◆ STORED DATA ◆
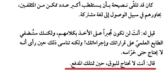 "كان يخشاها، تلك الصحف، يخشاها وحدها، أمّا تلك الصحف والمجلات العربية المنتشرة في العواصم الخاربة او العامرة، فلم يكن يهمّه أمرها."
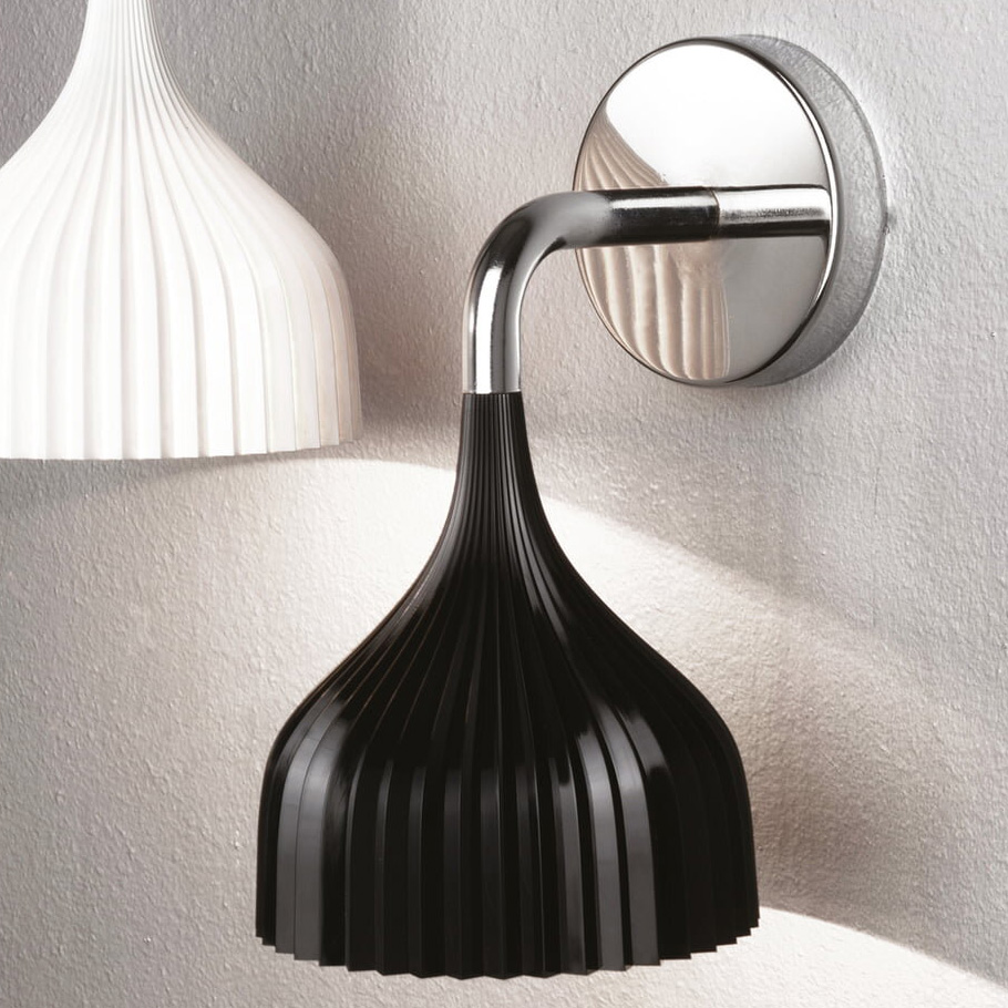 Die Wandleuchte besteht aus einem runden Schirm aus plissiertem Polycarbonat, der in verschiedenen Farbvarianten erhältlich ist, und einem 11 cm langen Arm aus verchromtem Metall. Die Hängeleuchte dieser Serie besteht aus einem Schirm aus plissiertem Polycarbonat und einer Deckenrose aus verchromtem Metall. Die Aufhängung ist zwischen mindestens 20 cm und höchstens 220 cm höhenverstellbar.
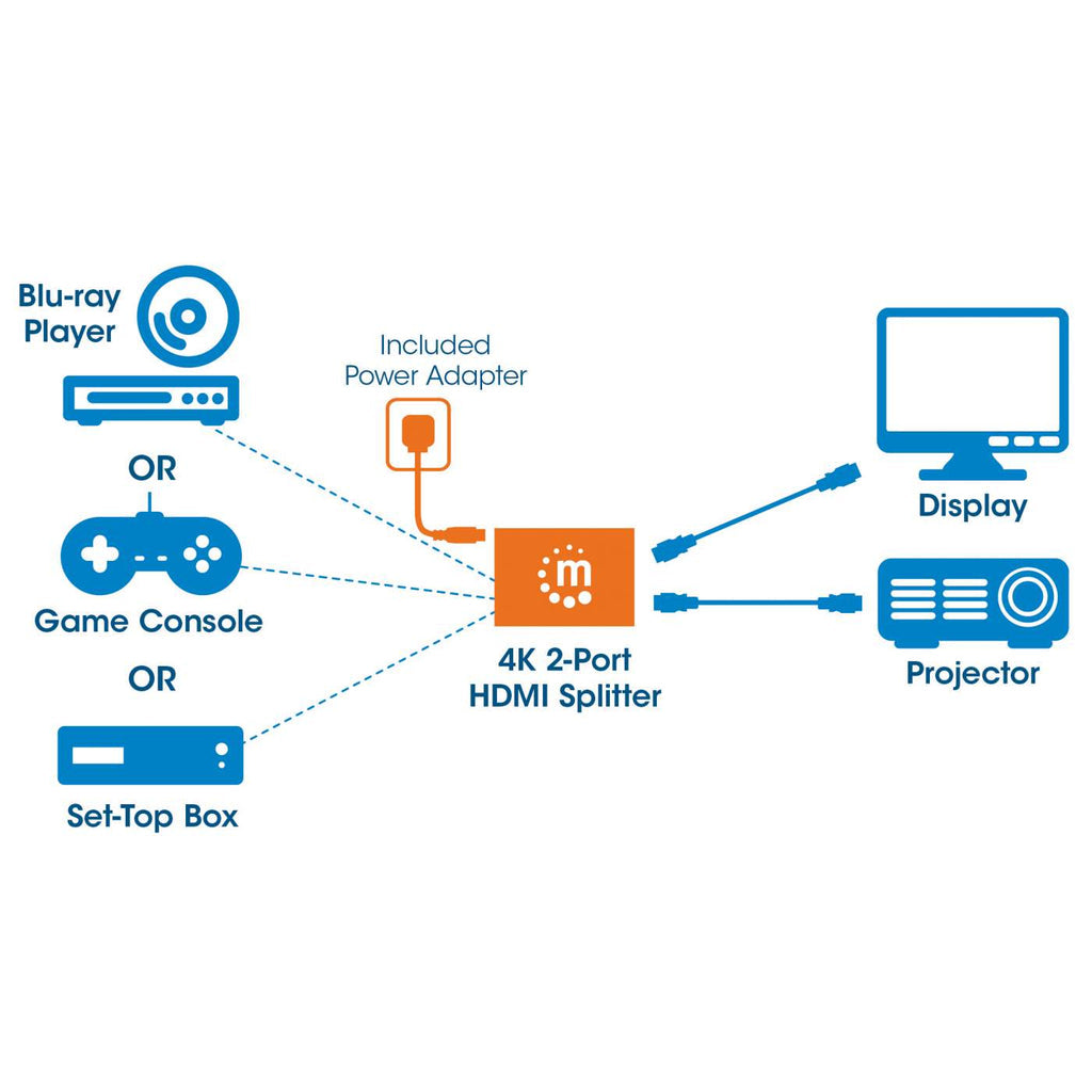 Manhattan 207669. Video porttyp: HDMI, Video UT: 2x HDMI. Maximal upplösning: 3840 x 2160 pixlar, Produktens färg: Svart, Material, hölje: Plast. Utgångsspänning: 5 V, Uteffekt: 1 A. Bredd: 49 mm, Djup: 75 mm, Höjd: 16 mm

◆ DESCRIPTION OF THE TASK ◆
Word for word, restate all of the material, omitting the images.

◆ EXPECTED ANSWER ◆
 "كان يخشاها، تلك الصحف، يخشاها وحدها، أمّا تلك الصحف والمجلات العربية المنتشرة في العواصم الخاربة او العامرة، فلم يكن يهمّه أمرها."
 Die Wandleuchte besteht aus einem runden Schirm aus plissiertem Polycarbonat, der in verschiedenen Farbvarianten erhältlich ist, und einem 11 cm langen Arm aus verchromtem Metall. Die Hängeleuchte dieser Serie besteht aus einem Schirm aus plissiertem Polycarbonat und einer Deckenrose aus verchromtem Metall. Die Aufhängung ist zwischen mindestens 20 cm und höchstens 220 cm höhenverstellbar.
 Manhattan 207669. Video porttyp: HDMI, Video UT: 2x HDMI. Maximal upplösning: 3840 x 2160 pixlar, Produktens färg: Svart, Material, hölje: Plast. Utgångsspänning: 5 V, Uteffekt: 1 A. Bredd: 49 mm, Djup: 75 mm, Höjd: 16 mm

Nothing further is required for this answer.